• **EXERCISE DETAILS**:
The records that follow should be copied out exactly, pictures excluded.

• **RECORDS FOR THIS TASK**:
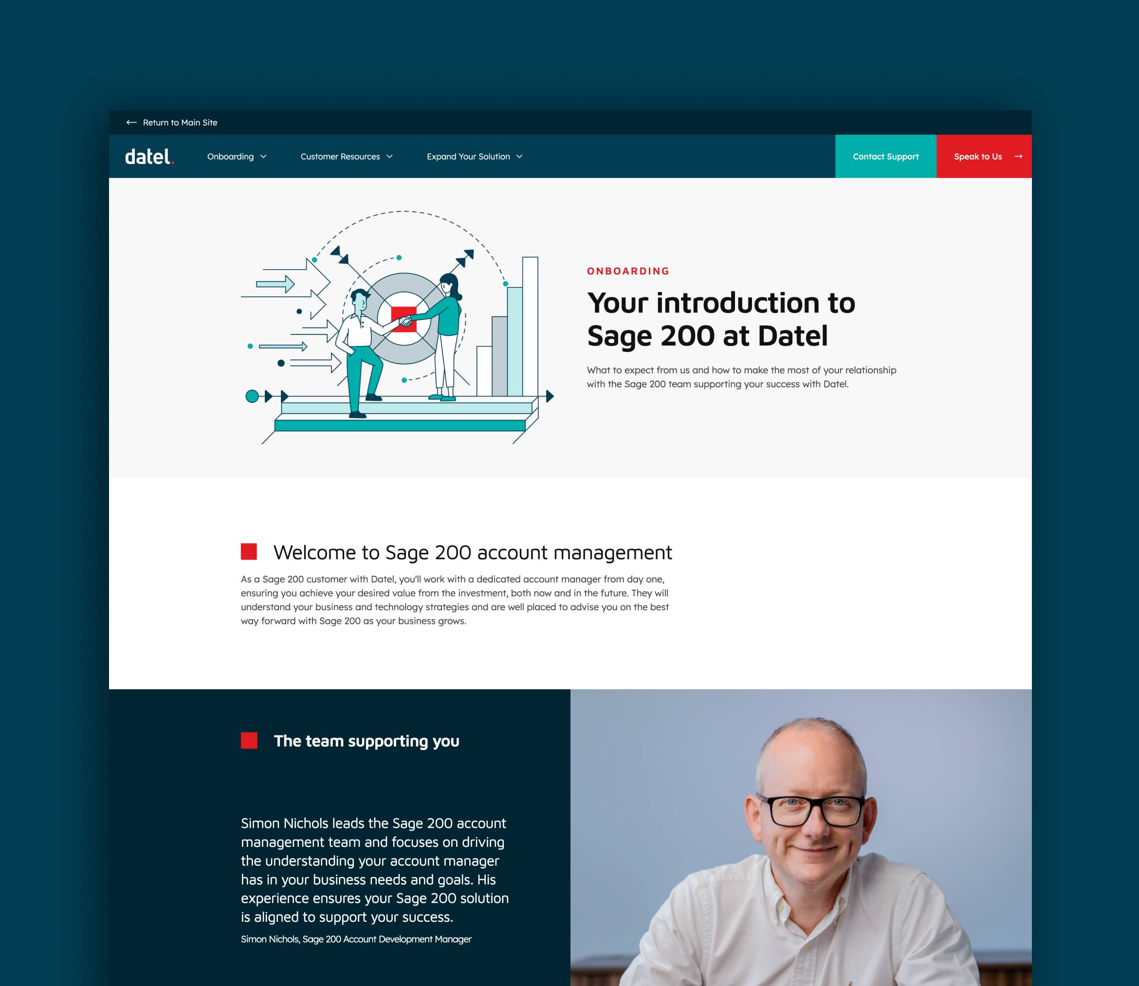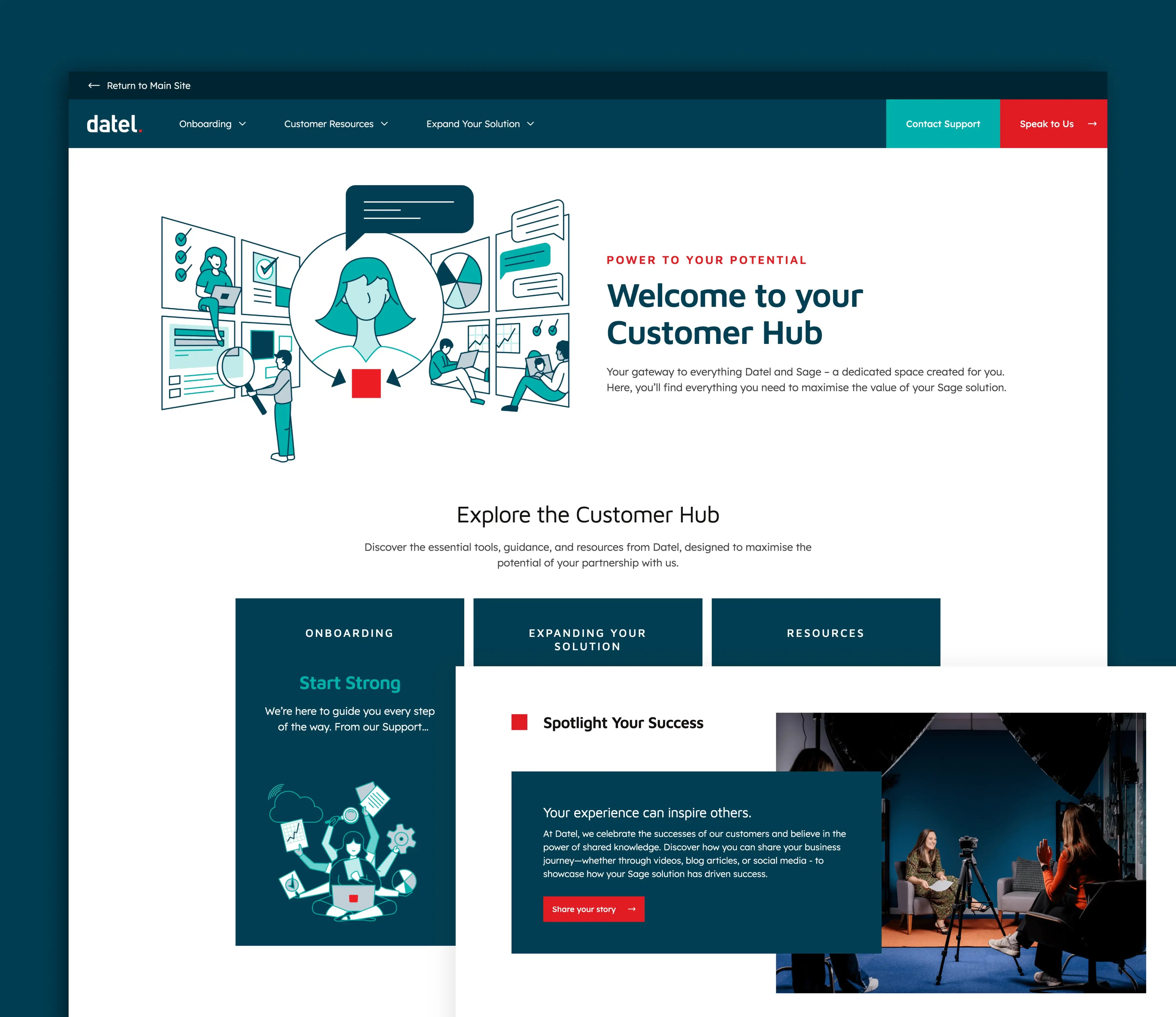 Recognising that 50% of their customers stay with them for five years or more, Datel needed a dual-website approach. The main site focuses on attracting new prospects, while a dedicated customer microsite provides a VIP experience for existing clients, using a darker brand treatment to create a premium feeling space.
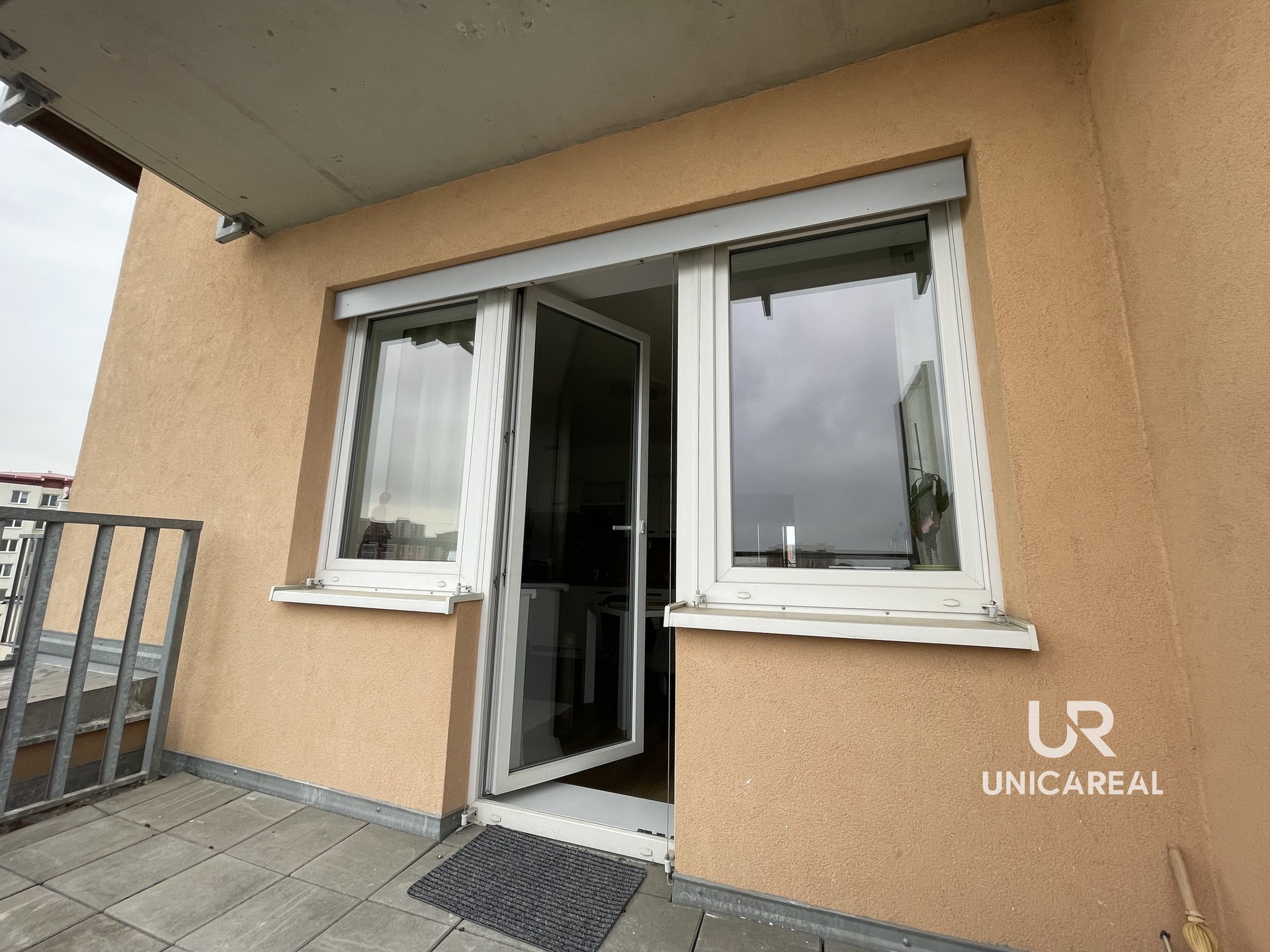 Byt situovaný v 7.n.p s výtahem má celkovou užitnou plochu 25m2 + terasa 8m2 + zděný sklep 3m2.
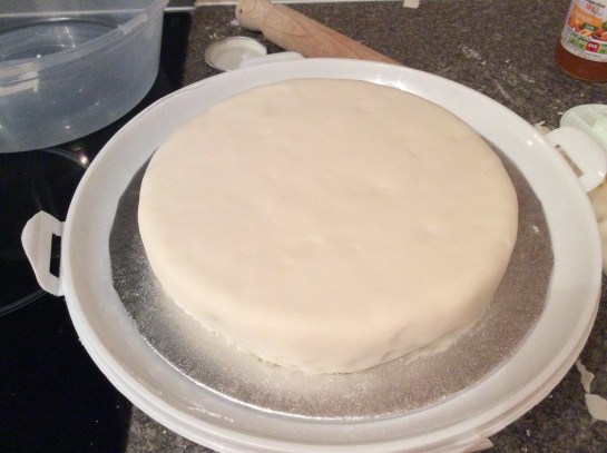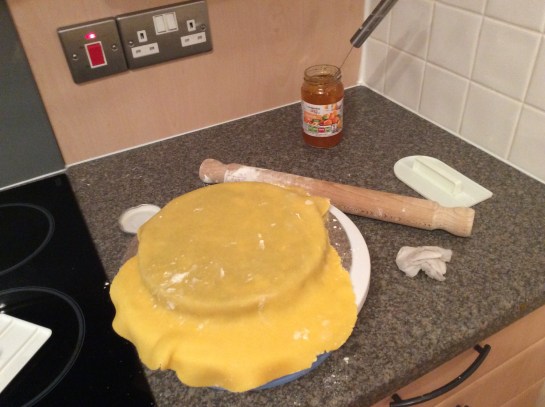 Once you have spread the jam on the cake, clean your workspace and sprinkle on some icing sugar or cornflour and knead the marzipan, ensure you keep reapplying icing sugar/cornflour so as you can roll the marzipan evenly and cover the cake. Use a smoothing tool to eliminate any lumps and do the same thing with the sugar paste of your choice.
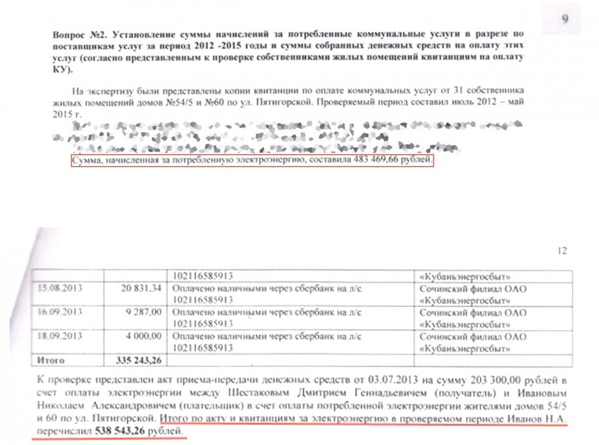 «Да» — отвечали мы, — «Мы знали и не сидели сложа руки, мы ведь знаем откуда образовался этот долг». Ведь бывший управляющий домов на Пятигорской 54/5 и 60 (Иванов Николай Александрович, глава соболевки, будущий депутат, опора страны), на которого в июле 2015 года было написано заявление в полицию, не донес до энергосбыта 614 969 рублей, что показала независимая экспертиза, которая проводилась по документам, изъятым ОБЭП у фирмы Иванова. Разбирательство идет уже год, ОБЭП подтверждает признаки мошенничества по нескольким статьям, но следственный комитет почему то не торопится с этим делом. А также возникает множество вопросов к бывшей управляющей домами на Молодогвардейской 2Б/2 и соответственно текущей управляющей дома 2Б/3 Гаврилиной Елене, расчеты которой по электроэнергии также оставляют в душе сомнения.
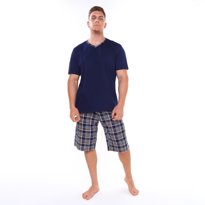 Комплект (футболка/шорты) мужской, цвет синий/клетка, размер 66
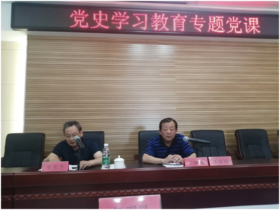 2021.7.13下午市住建局党组成员、总工吴东升同志在百忙中抽时间来我公司为全体党员上了一堂党史学习教育专题党课,党课从学习习近平中国特色社会主义思想、毫不动摇坚持走中国特色社会主义道路、毫不动摇坚持中国共产党的领导、毫不动摇鼓励、支持、引导非公有制经济发展等四个方面进行了系统梳理和解读、剖析、阐释,宣讲全面系统、精准深刻、深入浅出,为我们学习领会党的百年历史和汲取奋进力量提供了一把“金钥匙”。
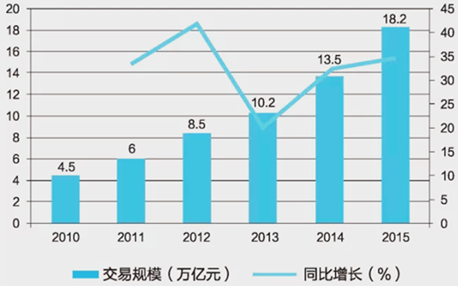 2010-2015年中國電子商務交易額及增長情況
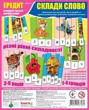 комплектність: 32 картки - 96 соломок (8 карток на 3 букви, 12 карток на 4 букви, 12 карток на 5 букв з картону 2 мм
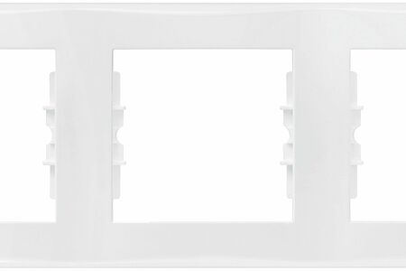 Монтажная рамка для розеток и выключателей рассчитана на три поста. Она имеет горизонтальное исполнение и активно используется в жилых и коммерческих помещениях. Белая глянцевая поверхность изделия поддается механической и химической очистке, стойкая к истиранию и ультрафиолетовому воздействию. Рамка легко монтируется и имеет длительный срок эксплуатации.
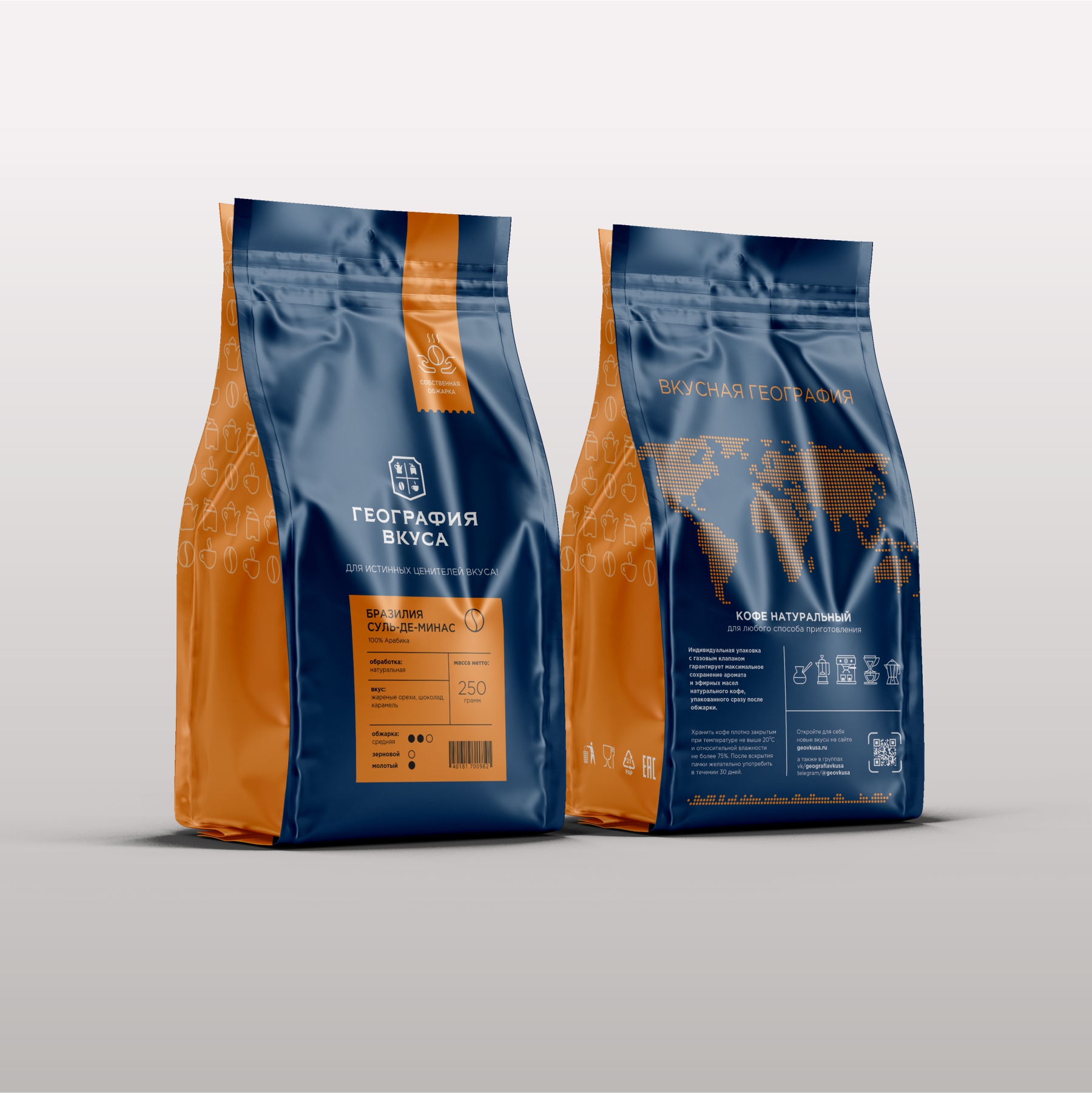 Упаковка кофе для сети магазинов «ГЕОГРАФИЯ ВКУСА»
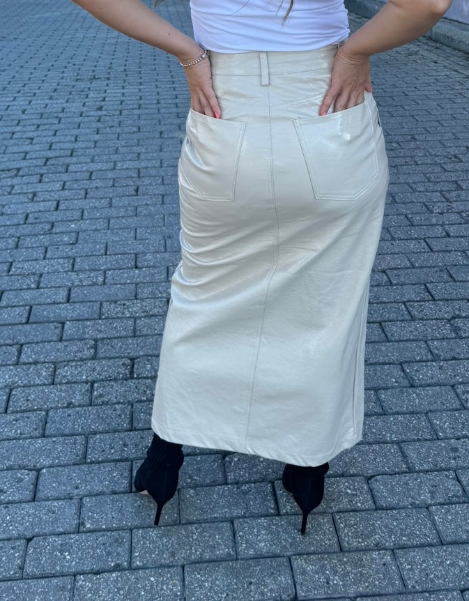 Haz una declaración de estilo con nuestra falda color sand, confeccionada en un material de piel simulada que evoca el lujo del cuero. Con un diseño sofisticado y moderno, esta falda cuenta con una abertura frontal con zipper que le da un toque audaz y contemporáneo, mientras que sus bolsillos delanteros y traseros no solo aportan funcionalidad, sino también un giro urbano y chic.

• **SOLUTION TO THE EXERCISE**:
 Recognising that 50% of their customers stay with them for five years or more, Datel needed a dual-website approach. The main site focuses on attracting new prospects, while a dedicated customer microsite provides a VIP experience for existing clients, using a darker brand treatment to create a premium feeling space.
 Byt situovaný v 7.n.p s výtahem má celkovou užitnou plochu 25m2 + terasa 8m2 + zděný sklep 3m2.
 Once you have spread the jam on the cake, clean your workspace and sprinkle on some icing sugar or cornflour and knead the marzipan, ensure you keep reapplying icing sugar/cornflour so as you can roll the marzipan evenly and cover the cake. Use a smoothing tool to eliminate any lumps and do the same thing with the sugar paste of your choice.
 «Да» — отвечали мы, — «Мы знали и не сидели сложа руки, мы ведь знаем откуда образовался этот долг». Ведь бывший управляющий домов на Пятигорской 54/5 и 60 (Иванов Николай Александрович, глава соболевки, будущий депутат, опора страны), на которого в июле 2015 года было написано заявление в полицию, не донес до энергосбыта 614 969 рублей, что показала независимая экспертиза, которая проводилась по документам, изъятым ОБЭП у фирмы Иванова. Разбирательство идет уже год, ОБЭП подтверждает признаки мошенничества по нескольким статьям, но следственный комитет почему то не торопится с этим делом. А также возникает множество вопросов к бывшей управляющей домами на Молодогвардейской 2Б/2 и соответственно текущей управляющей дома 2Б/3 Гаврилиной Елене, расчеты которой по электроэнергии также оставляют в душе сомнения.
 Комплект (футболка/шорты) мужской, цвет синий/клетка, размер 66
 2021.7.13下午市住建局党组成员、总工吴东升同志在百忙中抽时间来我公司为全体党员上了一堂党史学习教育专题党课,党课从学习习近平中国特色社会主义思想、毫不动摇坚持走中国特色社会主义道路、毫不动摇坚持中国共产党的领导、毫不动摇鼓励、支持、引导非公有制经济发展等四个方面进行了系统梳理和解读、剖析、阐释,宣讲全面系统、精准深刻、深入浅出,为我们学习领会党的百年历史和汲取奋进力量提供了一把“金钥匙”。
 2010-2015年中國電子商務交易額及增長情況
 комплектність: 32 картки - 96 соломок (8 карток на 3 букви, 12 карток на 4 букви, 12 карток на 5 букв з картону 2 мм
 Монтажная рамка для розеток и выключателей рассчитана на три поста. Она имеет горизонтальное исполнение и активно используется в жилых и коммерческих помещениях. Белая глянцевая поверхность изделия поддается механической и химической очистке, стойкая к истиранию и ультрафиолетовому воздействию. Рамка легко монтируется и имеет длительный срок эксплуатации.
 Упаковка кофе для сети магазинов «ГЕОГРАФИЯ ВКУСА»
 Haz una declaración de estilo con nuestra falda color sand, confeccionada en un material de piel simulada que evoca el lujo del cuero. Con un diseño sofisticado y moderno, esta falda cuenta con una abertura frontal con zipper que le da un toque audaz y contemporáneo, mientras que sus bolsillos delanteros y traseros no solo aportan funcionalidad, sino también un giro urbano y chic.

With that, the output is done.